A cross-linguistic perspective on mental verbs and false-belief development.

Silke Brandt1, Honglan Li2, Angel Chan2

English caregivers show a strong bias towards using mental verbs with first-person subjects, producing frequent, semantically bleached phrases like "I think". Children’s comprehension of these frequent phrases shows weaker links with false belief than their comprehension of mental verbs with third-person subjects ("he thinks") (Brandt et al., in press). In Chinese, the use of mental verbs is relatively infrequent and caregivers do not show a bias towards using them with first-person subjects (Tardif & Wellman, 2000).

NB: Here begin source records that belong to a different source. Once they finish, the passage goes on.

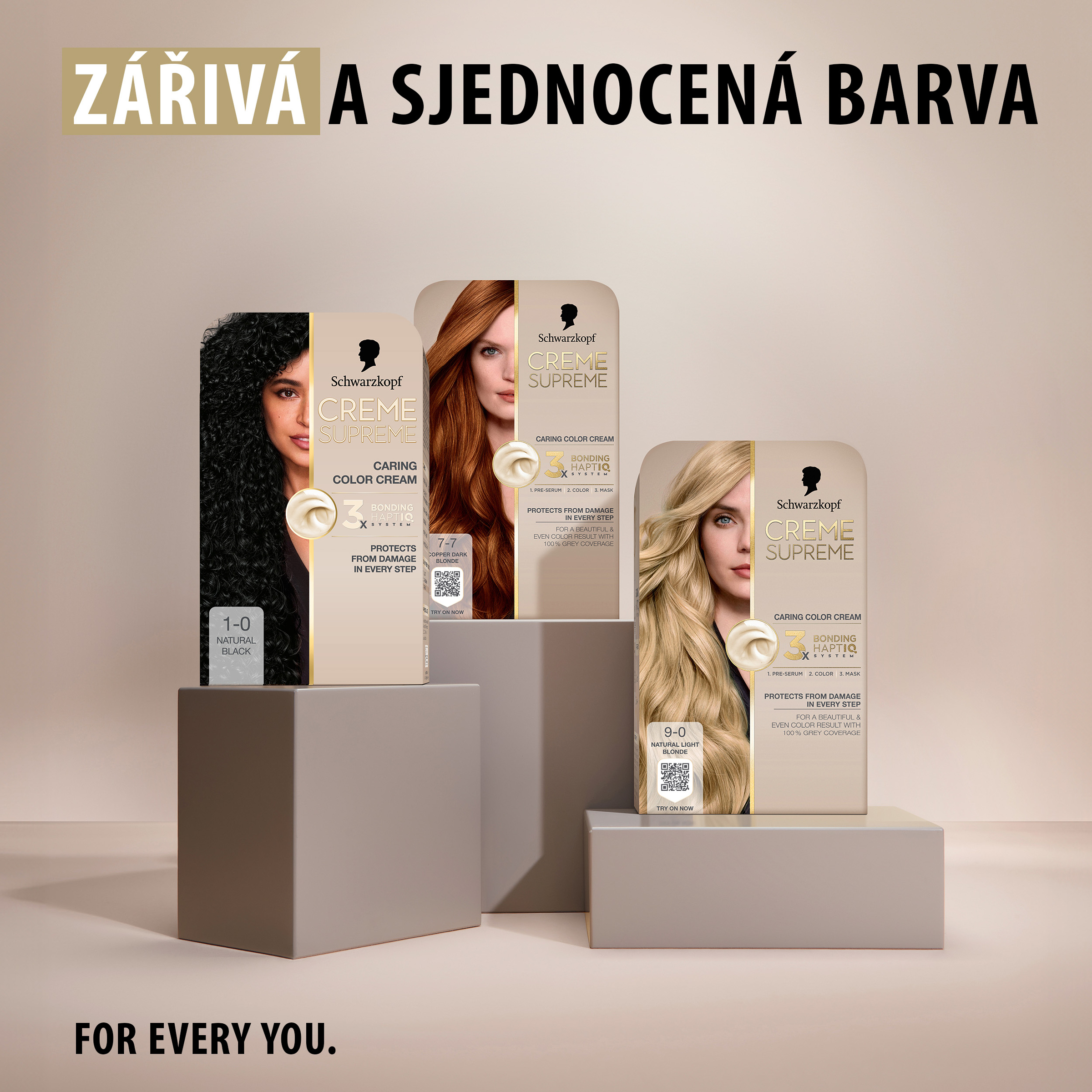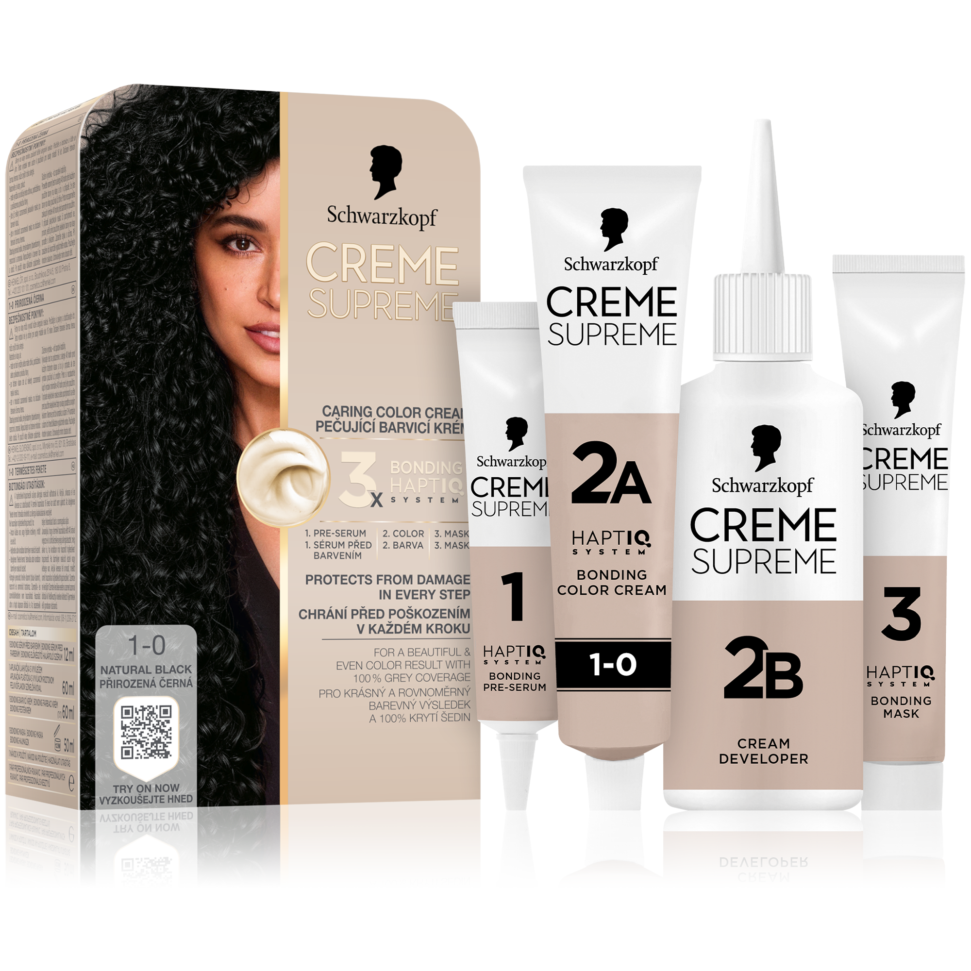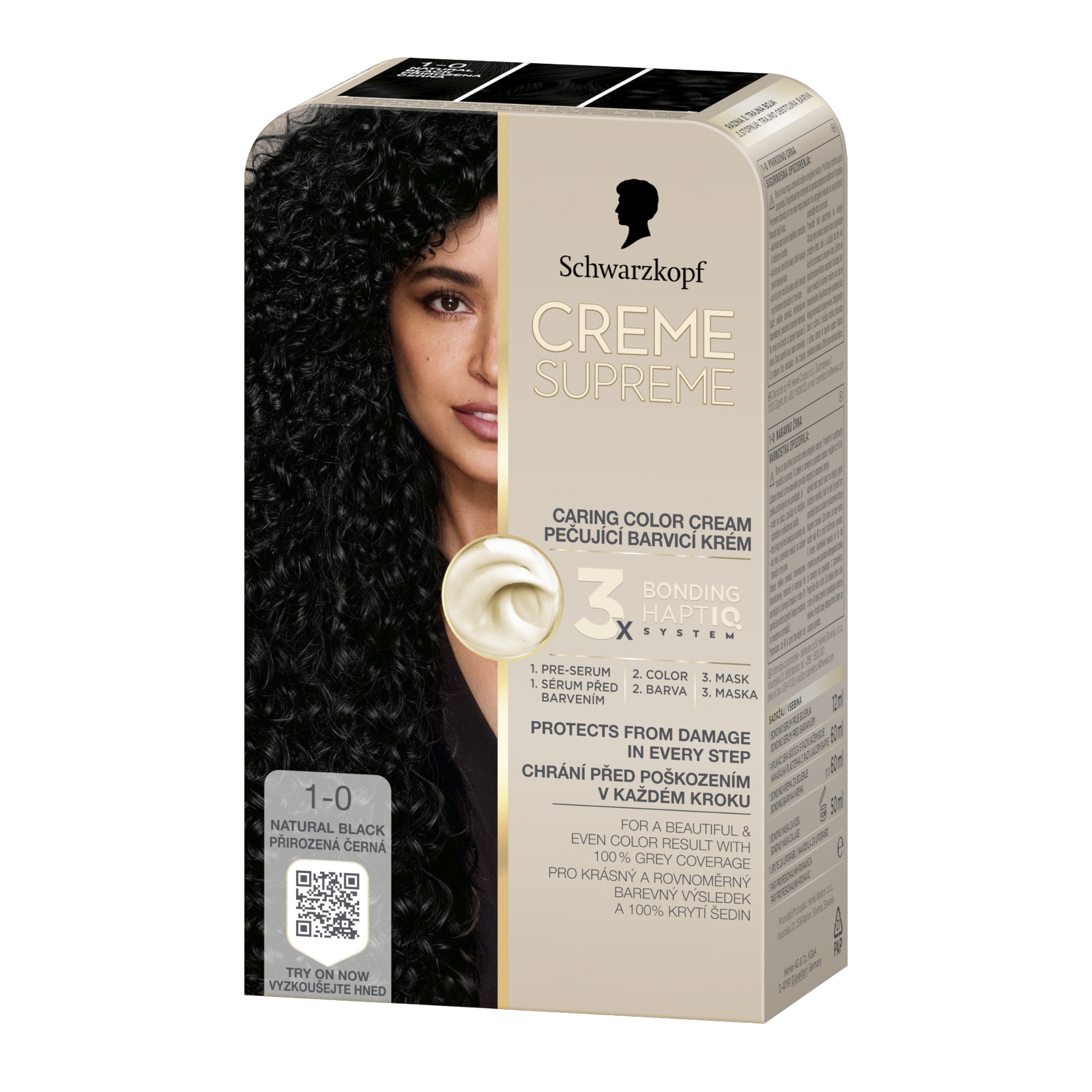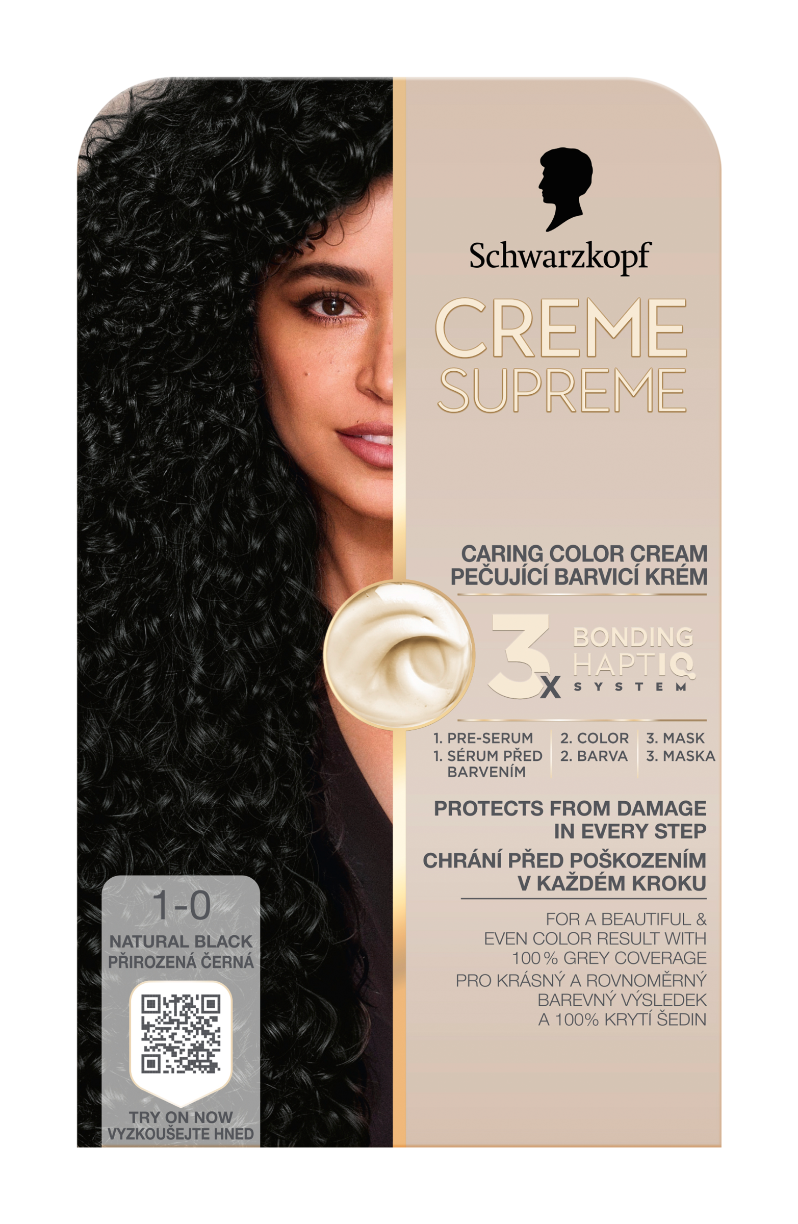 Schwarzkopf Creme Supreme 1-0 Přirozená černá - Vysněná barva na vlasy s péčí, kterou si zasloužíte. Tato pečující barva na vlasy od Schwarzkopf s technologií 3x Bonding HaptIQ System poskytuje intenzivní ochranu a péči, díky čemuž zajišťuje krásný a jednotný barevný výsledek se 100% krytím šedin. Jak to celé funguje? Bonding sérum před barvením: Toto intenzivně pečující sérum vlasy dokonale připraví na celý proces barvení. Díky inovativní technologii vytváří mikrovazby a posiluje vlasy pro jejich rovnoměrné obarvení. Bonding barvicí krém: Poskytuje vlasům ochranu, aby nedošlo k jejich poškození během barvení. Bonding maska: Obaluje vlasy ochrannou vrstvou a vytváří nové mikrovazby pro hloubkovou péči.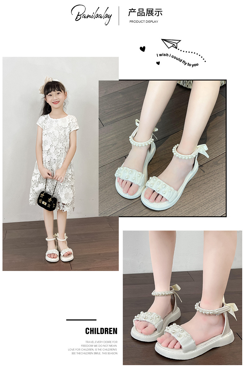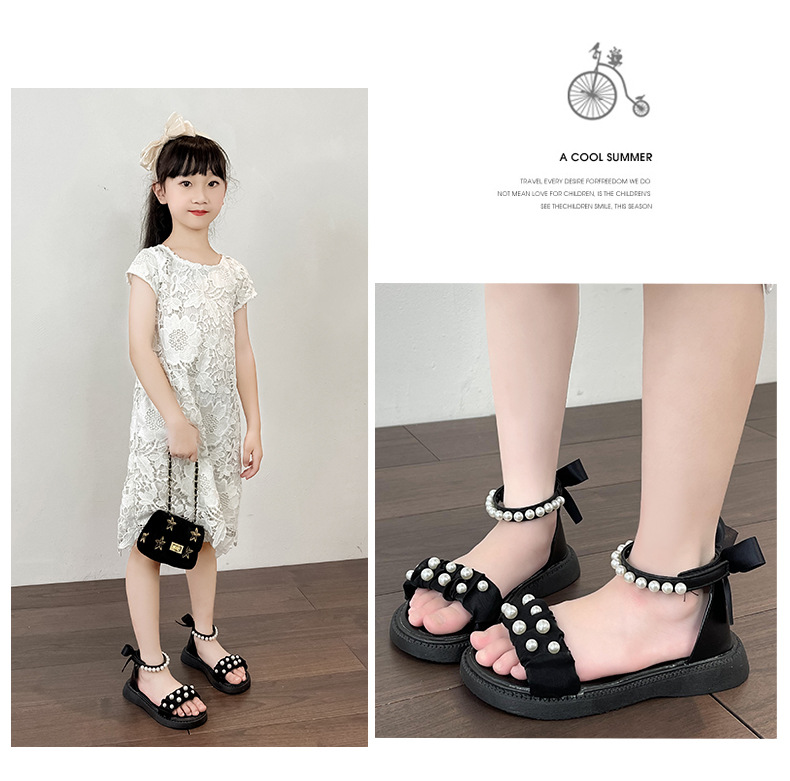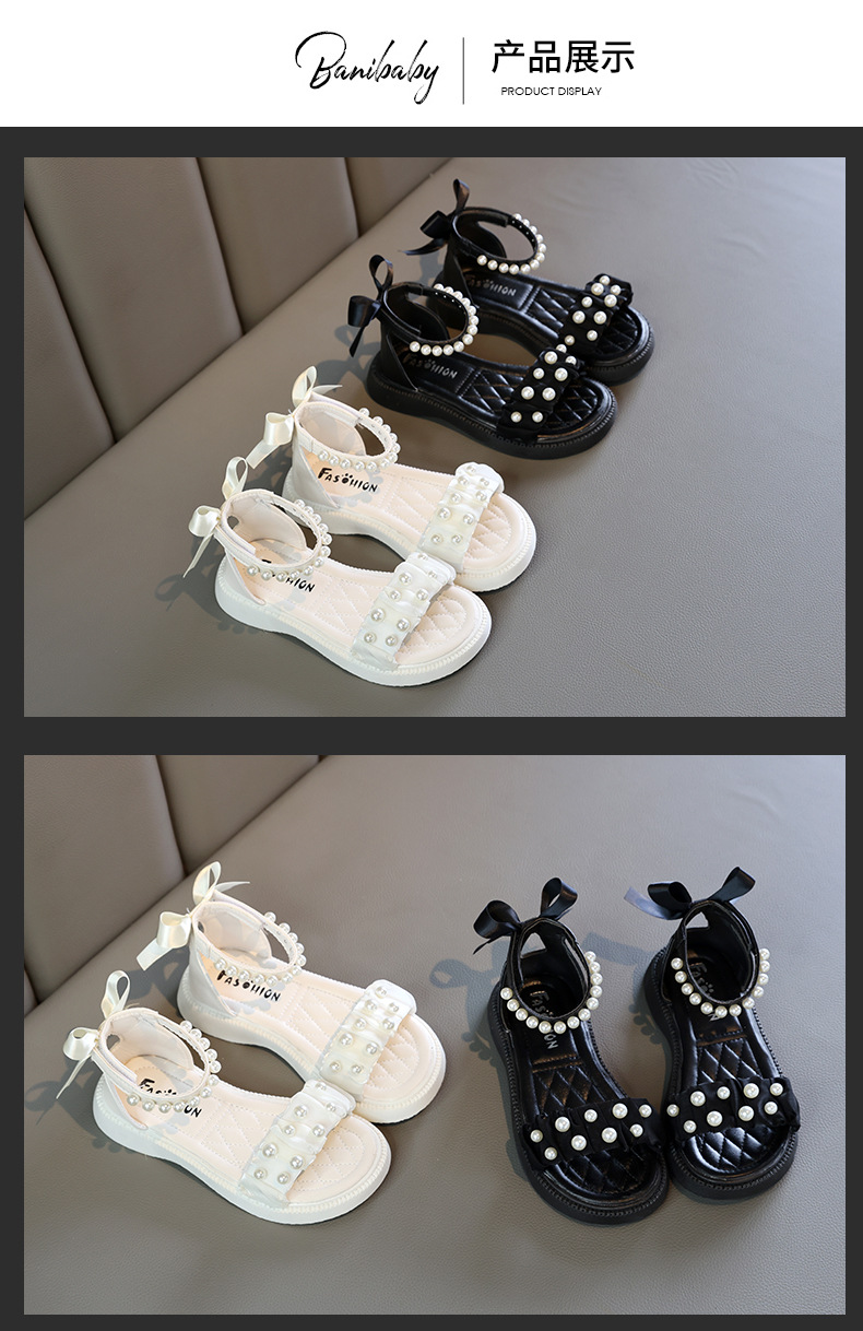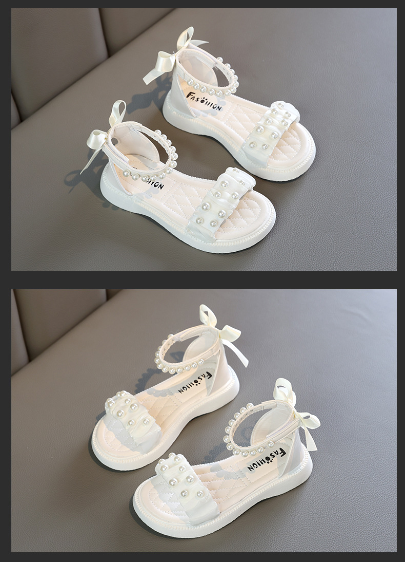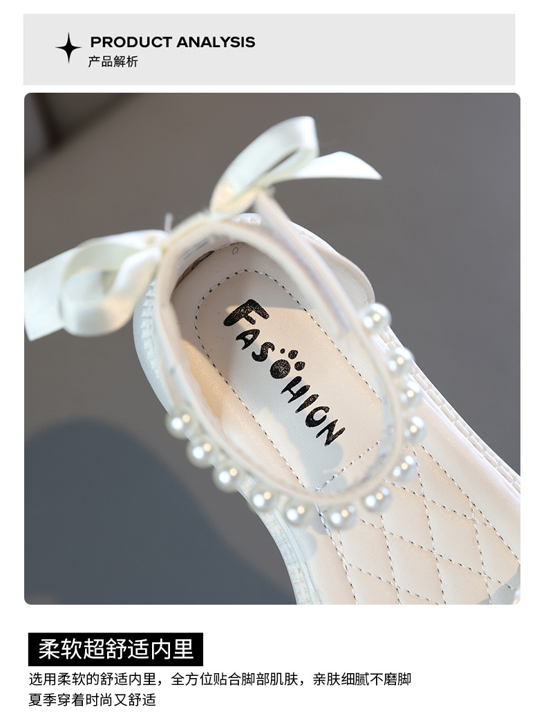 어린이 샌들 2026 새로운 스타일 진주 리본 공주 신발 어린 소녀 학생 신발 중대형 어린이용 미끄럼 방지 부드러운 밑창 신발스토어 가기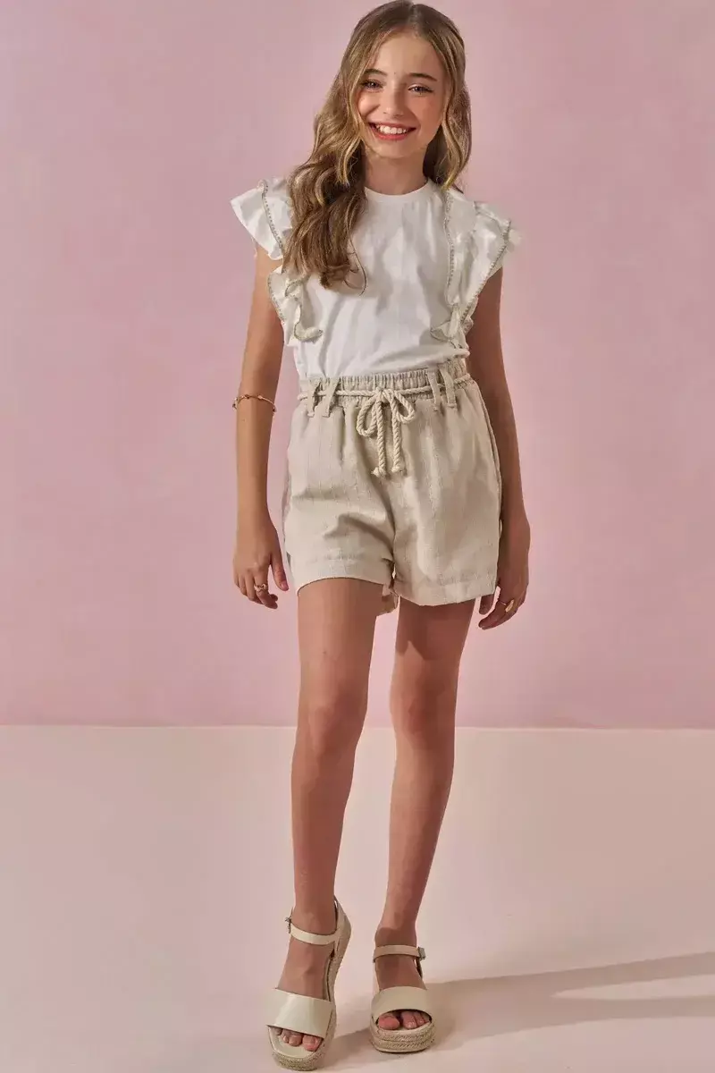 O Shorts em Linho Milano é uma peça delicada e cheia de charme, perfeita para as meninas que amam estilo e conforto em um look só!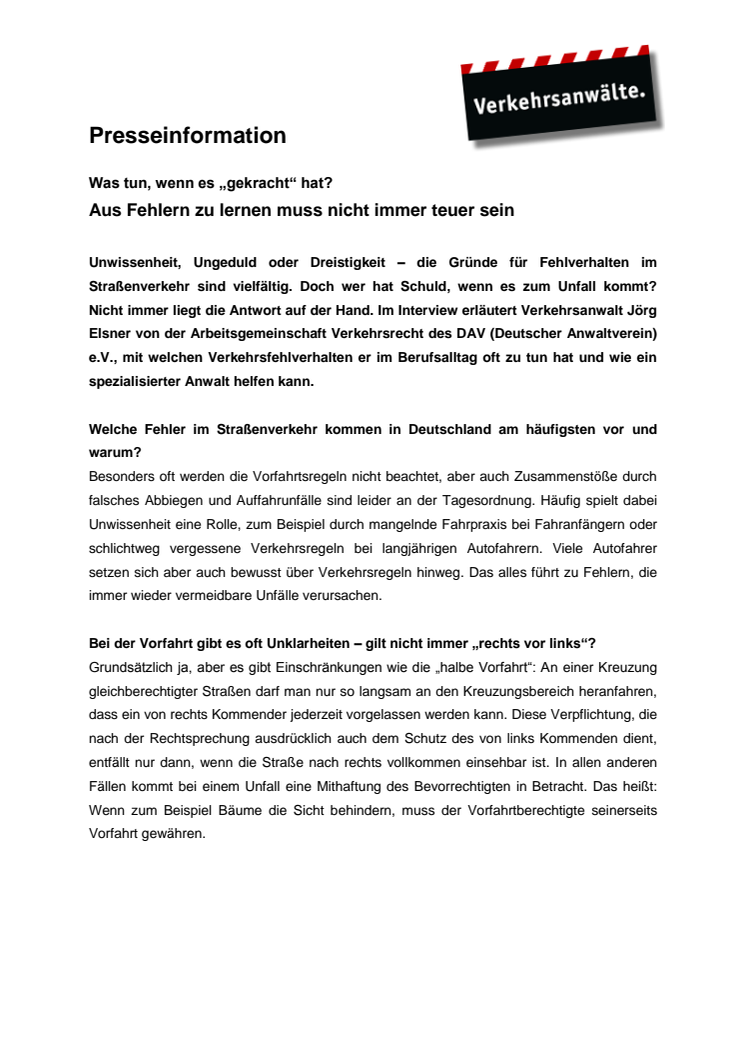Unwissenheit, Ungeduld oder Dreistigkeit – die Gründe für Fehlverhalten im Straßenverkehr sind vielfältig. Doch wer hat Schuld, wenn es zum Unfall kommt? Im Interview erläutert Verkehrsanwalt Jörg Elsner von der Arbeitsgemeinschaft Verkehrsrecht des DAV (Deutscher Anwaltverein) e.V., mit welchen Verkehrsfehlverhalten er im Berufsalltag oft zu tun hat und wie ein spezialisierter Anwalt helfen kann.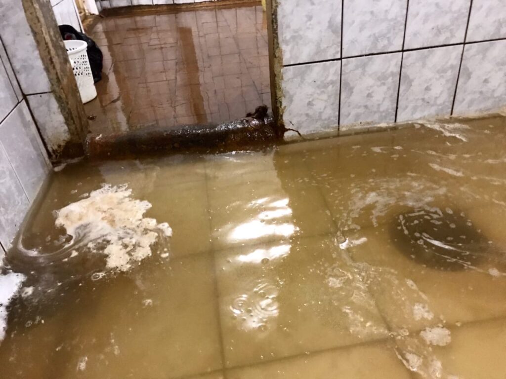 Отдельная проблема — душ, работающий только 4 дня в неделю. Причем из-за засора канализации в душевых комнатах вода не уходит и моющиеся вынуждены стоять по щиколотку в грязной воде. Информацию об этом студенты подтверждают размещенными жуткими фотографиями.

To investigate whether these cross-linguistic differences have an affect on children’s false-belief development, we tested 64 Mandarin-speaking children aged 4;6 and 5;7 and compared them to the English children in Brandt et al. (in press). They saw two boxes. Two hand puppets produced mental verbs and complement clauses to indicate which of the two contained a sticker and how certain they were about this ("I/the cow know(s) it’s in the red box" "I/the frog think(s) it’s in the blue box"). In the first-person condition the puppets spoke for themselves; in the third-person condition the experimenter spoke for them. In a between-subjects design, each child received six trials and took part in four standard false-belief tests.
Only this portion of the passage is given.